### [ACTIVITY]
In the listing below, find the line containing "除了以上可以直接在游戏内活动" and the line containing "Das Montagesystem ermöglicht", then copy exactly everything from the first through the second, except the pictures.

### [MATERIAL SHOWN]
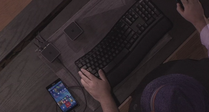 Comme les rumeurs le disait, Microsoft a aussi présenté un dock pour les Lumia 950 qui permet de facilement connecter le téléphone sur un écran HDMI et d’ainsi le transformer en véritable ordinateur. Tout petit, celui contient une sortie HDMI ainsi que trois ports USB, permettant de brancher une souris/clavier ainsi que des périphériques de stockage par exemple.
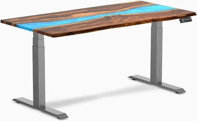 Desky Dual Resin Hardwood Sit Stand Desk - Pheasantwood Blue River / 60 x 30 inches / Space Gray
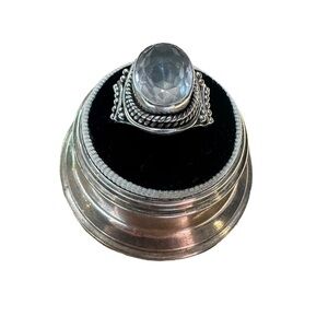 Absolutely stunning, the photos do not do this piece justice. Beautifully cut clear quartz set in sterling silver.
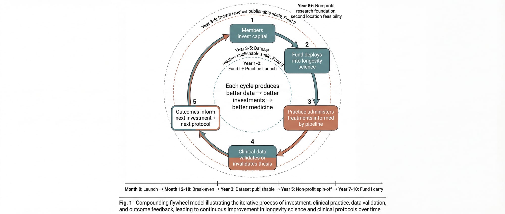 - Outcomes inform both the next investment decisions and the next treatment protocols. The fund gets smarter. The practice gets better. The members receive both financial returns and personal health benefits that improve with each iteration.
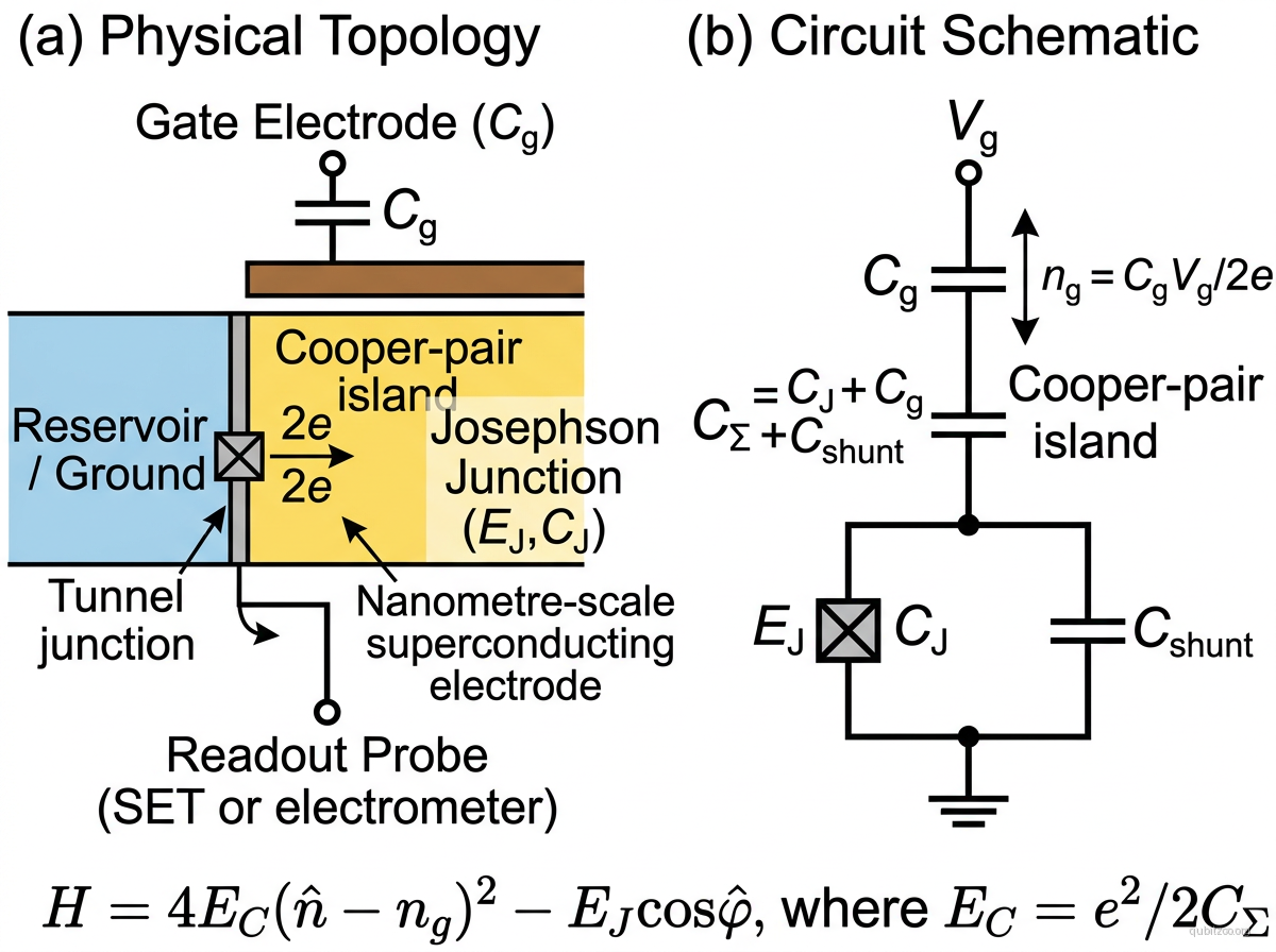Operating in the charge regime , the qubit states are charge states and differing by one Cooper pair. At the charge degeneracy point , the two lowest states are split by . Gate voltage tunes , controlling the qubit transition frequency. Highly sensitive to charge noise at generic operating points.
---
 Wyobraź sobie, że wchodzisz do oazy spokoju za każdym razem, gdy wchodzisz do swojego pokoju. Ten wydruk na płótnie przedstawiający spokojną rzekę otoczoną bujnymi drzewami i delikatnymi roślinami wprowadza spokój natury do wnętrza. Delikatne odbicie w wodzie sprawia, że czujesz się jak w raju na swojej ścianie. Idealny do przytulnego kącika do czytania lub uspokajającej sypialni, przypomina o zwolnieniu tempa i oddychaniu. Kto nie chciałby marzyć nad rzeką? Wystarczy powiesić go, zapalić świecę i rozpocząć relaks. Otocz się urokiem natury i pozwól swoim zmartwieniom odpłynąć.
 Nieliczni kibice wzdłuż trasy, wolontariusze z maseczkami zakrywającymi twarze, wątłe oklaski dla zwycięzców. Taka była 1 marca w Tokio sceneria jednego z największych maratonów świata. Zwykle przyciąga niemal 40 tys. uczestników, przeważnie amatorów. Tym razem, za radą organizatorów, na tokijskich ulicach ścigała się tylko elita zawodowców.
* * *
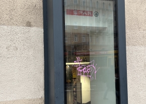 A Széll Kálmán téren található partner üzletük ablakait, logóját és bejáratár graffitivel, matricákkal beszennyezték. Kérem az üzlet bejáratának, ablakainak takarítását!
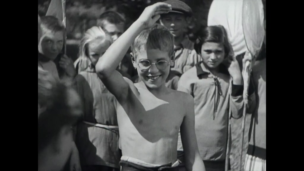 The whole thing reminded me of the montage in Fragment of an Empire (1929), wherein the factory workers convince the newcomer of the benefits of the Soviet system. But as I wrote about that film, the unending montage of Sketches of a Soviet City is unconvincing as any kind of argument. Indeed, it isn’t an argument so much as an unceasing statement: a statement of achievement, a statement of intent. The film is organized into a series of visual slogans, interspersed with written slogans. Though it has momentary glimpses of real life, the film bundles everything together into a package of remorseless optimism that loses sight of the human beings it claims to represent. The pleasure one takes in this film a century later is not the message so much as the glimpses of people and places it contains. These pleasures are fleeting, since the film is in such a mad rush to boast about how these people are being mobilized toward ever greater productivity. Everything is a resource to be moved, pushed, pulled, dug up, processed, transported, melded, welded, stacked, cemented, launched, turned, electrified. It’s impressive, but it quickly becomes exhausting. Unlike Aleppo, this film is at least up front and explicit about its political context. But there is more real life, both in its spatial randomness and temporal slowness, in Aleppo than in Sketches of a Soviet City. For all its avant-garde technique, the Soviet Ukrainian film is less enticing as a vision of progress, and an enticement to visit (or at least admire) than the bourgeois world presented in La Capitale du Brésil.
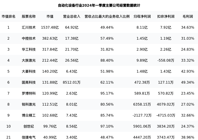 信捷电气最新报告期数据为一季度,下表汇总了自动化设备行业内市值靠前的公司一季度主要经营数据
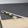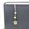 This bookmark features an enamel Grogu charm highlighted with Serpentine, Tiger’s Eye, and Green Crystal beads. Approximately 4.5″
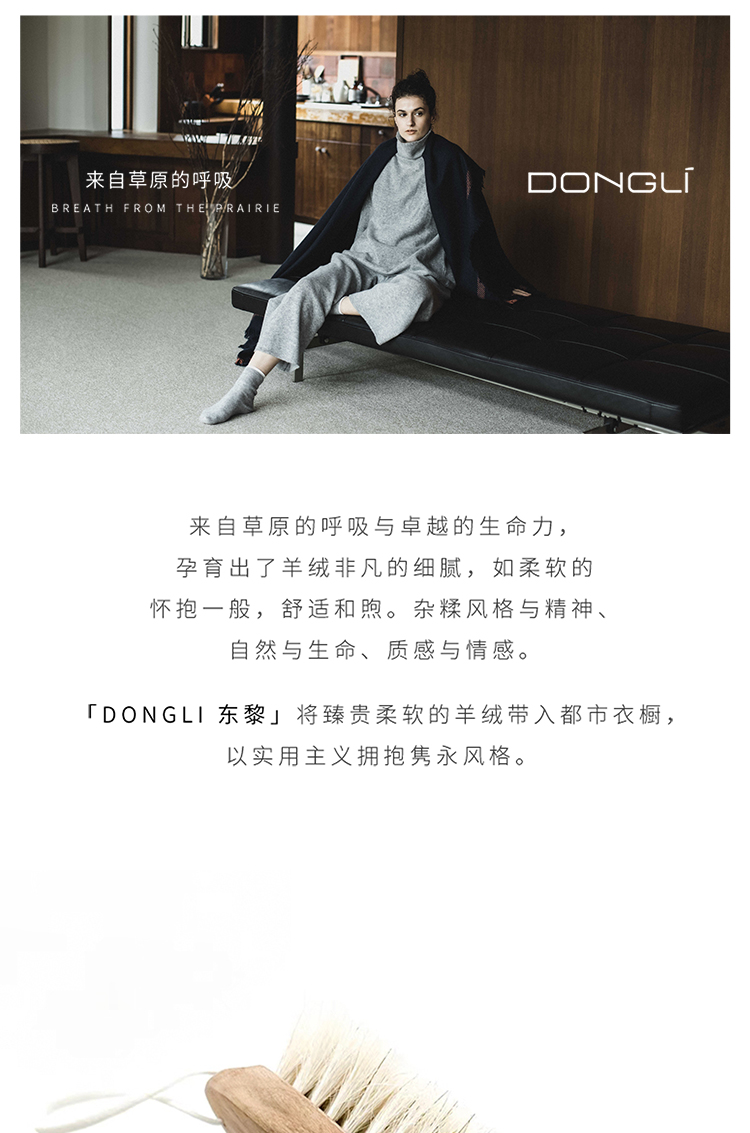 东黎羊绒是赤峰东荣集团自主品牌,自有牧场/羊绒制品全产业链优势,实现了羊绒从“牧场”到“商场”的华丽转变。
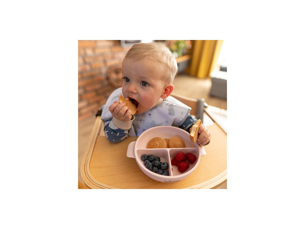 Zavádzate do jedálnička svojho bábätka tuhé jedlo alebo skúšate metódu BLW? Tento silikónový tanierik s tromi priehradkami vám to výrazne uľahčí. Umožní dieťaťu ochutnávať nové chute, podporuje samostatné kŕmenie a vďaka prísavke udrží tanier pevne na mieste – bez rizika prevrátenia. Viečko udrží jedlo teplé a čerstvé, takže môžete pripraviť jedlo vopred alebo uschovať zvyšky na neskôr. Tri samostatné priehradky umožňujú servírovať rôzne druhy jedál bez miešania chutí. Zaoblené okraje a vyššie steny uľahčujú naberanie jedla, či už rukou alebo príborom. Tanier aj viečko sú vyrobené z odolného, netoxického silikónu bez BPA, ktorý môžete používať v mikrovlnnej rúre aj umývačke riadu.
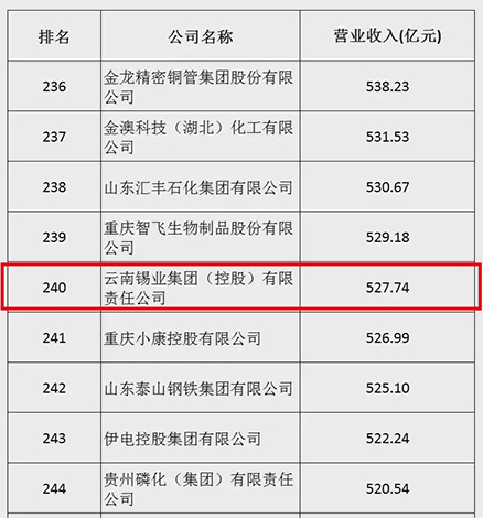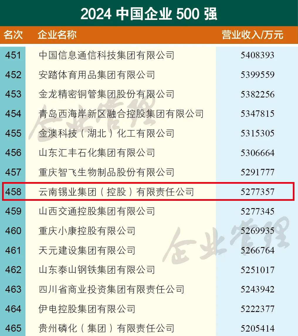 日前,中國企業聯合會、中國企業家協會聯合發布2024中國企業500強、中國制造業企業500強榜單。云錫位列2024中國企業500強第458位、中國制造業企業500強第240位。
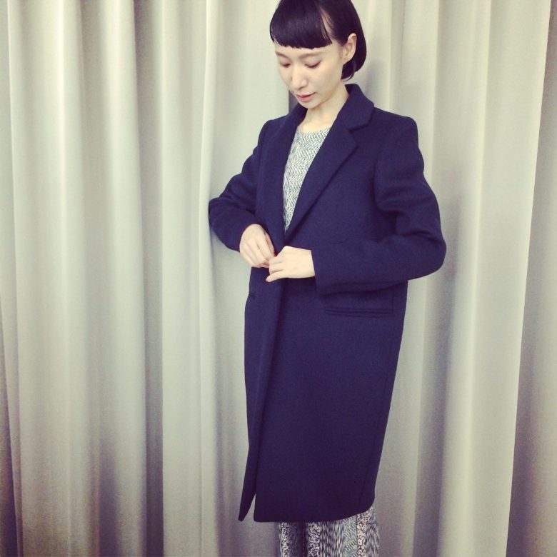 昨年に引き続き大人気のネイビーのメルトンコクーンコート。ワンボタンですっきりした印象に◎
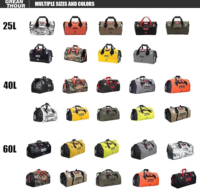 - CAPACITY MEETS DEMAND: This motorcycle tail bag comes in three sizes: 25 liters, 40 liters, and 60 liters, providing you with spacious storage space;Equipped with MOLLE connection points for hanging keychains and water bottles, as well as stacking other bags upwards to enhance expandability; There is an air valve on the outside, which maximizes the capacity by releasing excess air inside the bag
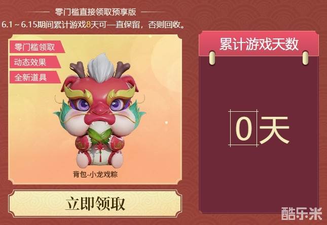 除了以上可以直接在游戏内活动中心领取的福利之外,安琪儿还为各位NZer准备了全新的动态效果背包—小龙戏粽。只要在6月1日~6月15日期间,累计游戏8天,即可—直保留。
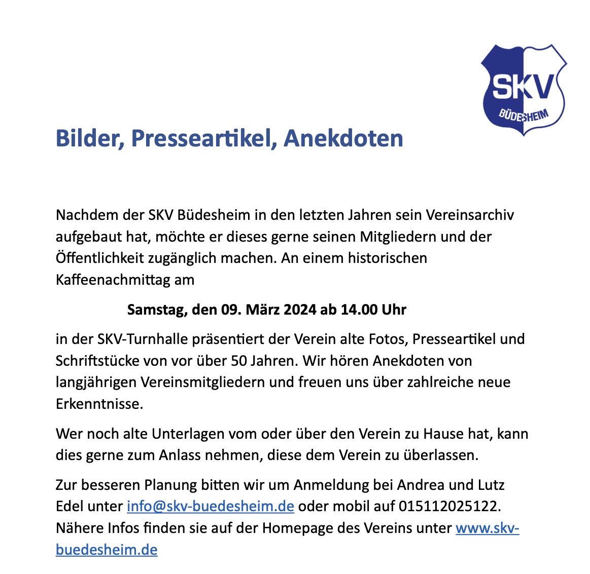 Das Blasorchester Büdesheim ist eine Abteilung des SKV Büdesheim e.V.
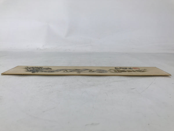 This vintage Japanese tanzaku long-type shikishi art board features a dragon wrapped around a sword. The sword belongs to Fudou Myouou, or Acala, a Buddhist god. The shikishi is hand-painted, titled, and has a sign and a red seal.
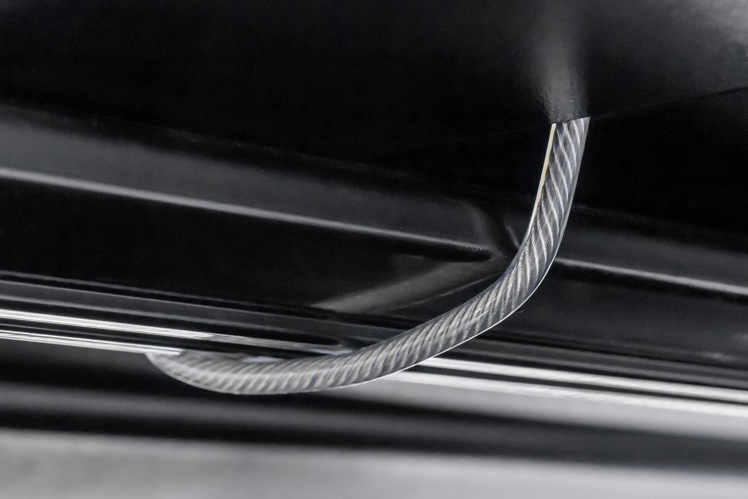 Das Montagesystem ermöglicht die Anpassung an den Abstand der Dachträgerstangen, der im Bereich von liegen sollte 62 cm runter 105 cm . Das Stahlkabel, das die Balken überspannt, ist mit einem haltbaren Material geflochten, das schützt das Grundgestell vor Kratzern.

### [OUTPUT FOR THIS TASK]
 除了以上可以直接在游戏内活动中心领取的福利之外,安琪儿还为各位NZer准备了全新的动态效果背包—小龙戏粽。只要在6月1日~6月15日期间,累计游戏8天,即可—直保留。
 Das Blasorchester Büdesheim ist eine Abteilung des SKV Büdesheim e.V.
 This vintage Japanese tanzaku long-type shikishi art board features a dragon wrapped around a sword. The sword belongs to Fudou Myouou, or Acala, a Buddhist god. The shikishi is hand-painted, titled, and has a sign and a red seal.
 Das Montagesystem ermöglicht die Anpassung an den Abstand der Dachträgerstangen, der im Bereich von liegen sollte 62 cm runter 105 cm . Das Stahlkabel, das die Balken überspannt, ist mit einem haltbaren Material geflochten, das schützt das Grundgestell vor Kratzern.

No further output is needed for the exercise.